▸ **WORK TO BE COMPLETED**:
With the pictures left out, restate exactly the part below that opens with the line containing "2025-03-13 04:48:352025年03月13日 將戰(zhàn)巴薩!多特2-1總比分3-2逆轉(zhuǎn)里爾" and closes with the line containing "地大新闻网讯(记者王俊芳)子".

▸ **DATA RECORDS**:
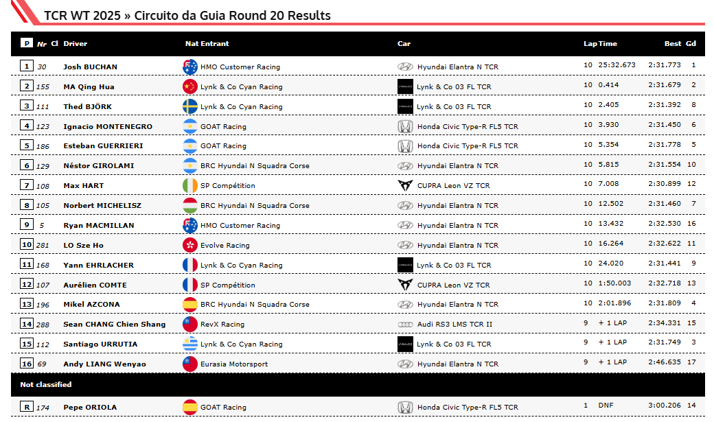 안녕하세요. 오토트랜드입니다. 이번 포스팅은 해외 모터스포츠 대회 경기 결과에 대해 포스팅을 하도록 하겠습니다. 바로 2025 TCR 월드 투어 19,20라운드입니다. 2025 TCR 월드 투어는 2022 시즌을 끝으로 폐지된 WTCR을 사실상 계승하는 새로운 포맷의 TCR 리그입니다. 전 세계 여러 지역의 TCR 시리즈 중에서 9개의 레이스를 선별 후 결과를 취합하여 풀 타임 출전으로 등록한 선수 중 15명의 상위 드라이버들을 우선 선발하고 전 세계의 TCR 시리즈에 참가한 드라이버 수백 명 중 45명을 별도로 선발, 총 60명의 드라이버가 연말에 열리는 플레이오프 경기인 TCR 월드 파이널에서 챔피언십을 결정하는 방식으로 2024 시즌부터 신설되었습니다.19,20라운드는 11월 15일과 16일에 마카오에서 진행되었습니다. 이로써 2025 TCR 월드 투어 시즌 종료가 되었습니다. 추후에 2026 시즌 일정에 대해 포스팅을 하도록 하겠습니다. 이상으로 이번 포스팅을 마치도록 하겠습니다.
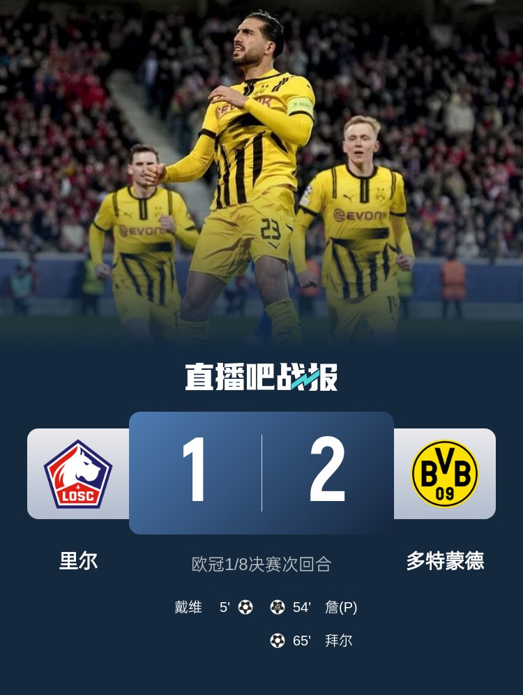 2025-03-13 04:48:352025年03月13日 將戰(zhàn)巴薩!多特2-1總比分3-2逆轉(zhuǎn)里爾 埃姆雷-詹點射拜爾建功
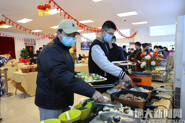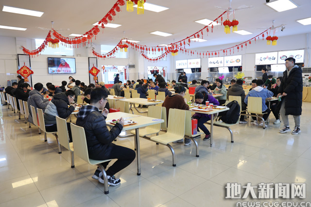 地大新闻网讯(记者王俊芳)子鼠送福盈日月,丑牛迎喜满乾坤。2月11日除夕,南望山校区西区学生三食堂、东苑食堂张灯结彩,处处洋溢着新春的喜庆气氛,学校为留校的98名本科生、研究生,255名国际留学生准备了丰盛的年夜饭,共迎佳节。
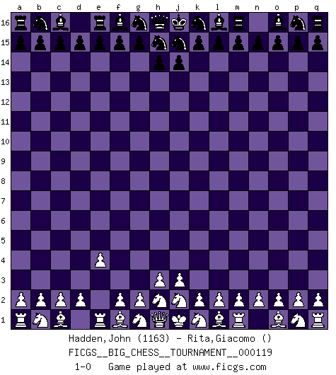 Last move : 1-0 2019 June 17 13:46:7 [Event "FICGS__BIG_CHESS__TOURNAMENT__000119"] [Site "FICGS"] [Date "2019.06.17"] [Round "1"] [White "Hadden,John"] [Black "Rita,Giacomo"] [Result "1-0"] [WhiteElo "1163"] [BlackElo ""] 1.e2-e4 1-0 Follow this game move after move (download)If cunning alone were needed to excel, women would be the best Chess players. (Albin) Du kannst im Schach nur gut werden, wenn du das Spiel liebst. (Robert James Fischer) El ganar no lo es todo... pero el perder es nada. (Mednis) Le pion, dans sa simplicité, marche droit devant lui, mais lorsqu'il prend, il le fait obliquement? Ainsi l'homme, tant qu'il reste pauvre, marche dans la droiture et vit honnêtement, mais lorsqu'il recherche les honneurs, il flatte, se parjure et, par les voies obliques, cherche une position supérieure sur l'échiquier du monde. (Jean de Galles) He is a liar. I just don't know what the lie is yet. (Horatio Caine, C.S.I. Miami)
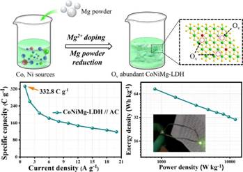合理设计层状双氢氧化物(LDH)电极对高性能超级电容器具有重要意义。该工作通过牺牲镁的置换反应,在室温下合成了具有丰富氧空位的超薄钴-镍-镁层状双氢氧化物(CoNiMg-LDH)纳米片。镁的自掺杂和还原性可以显著提高CoNiMg-LDH中氧空位的浓度,促进电化学电荷转移效率,增强电解质的吸附能力。组装的不对称超级电容器CoNiMg-LDH//AC,在1A/g的电流密度下实现了333 C/g的高比容量,在20 A/g的高电流密度下,循环5000次后仍然可以保持87%。这一工作发现了镁在调节氧空位以提高超级电容器性能方面的积极作用。
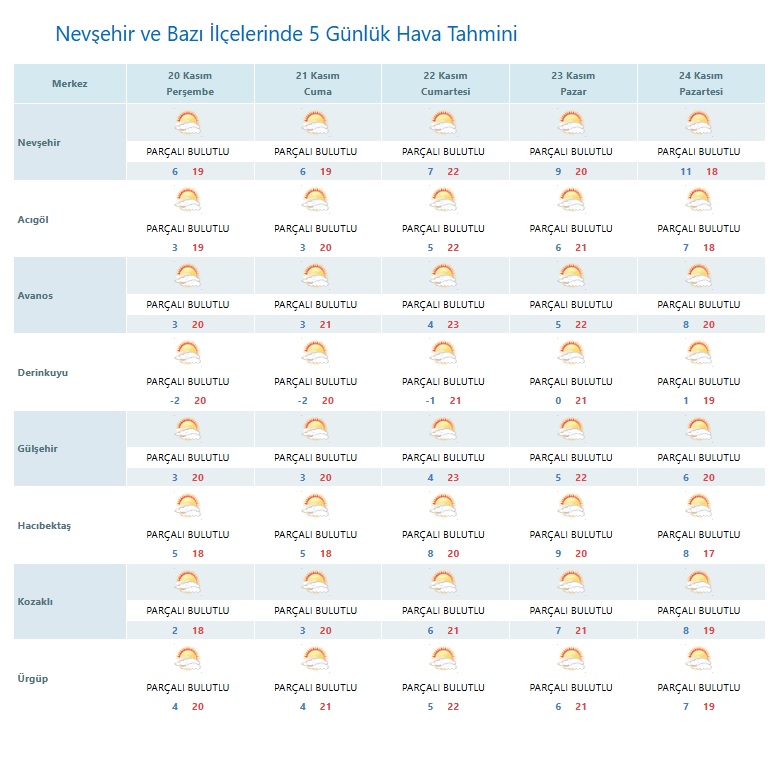 | Nevşehir (Merkez) | 6 / 19 °C — Parçalı bulutlu | 6 / 19 °C — Parçalı bulutlu | 7 / 22 °C — Parçalı bulutlu | 9 / 20 °C — Parçalı bulutlu | 11 / 18 °C — Parçalı bulutlu |

▸ **TASK OUTPUT**:
 2025-03-13 04:48:352025年03月13日 將戰(zhàn)巴薩!多特2-1總比分3-2逆轉(zhuǎn)里爾 埃姆雷-詹點射拜爾建功
 地大新闻网讯(记者王俊芳)子鼠送福盈日月,丑牛迎喜满乾坤。2月11日除夕,南望山校区西区学生三食堂、东苑食堂张灯结彩,处处洋溢着新春的喜庆气氛,学校为留校的98名本科生、研究生,255名国际留学生准备了丰盛的年夜饭,共迎佳节。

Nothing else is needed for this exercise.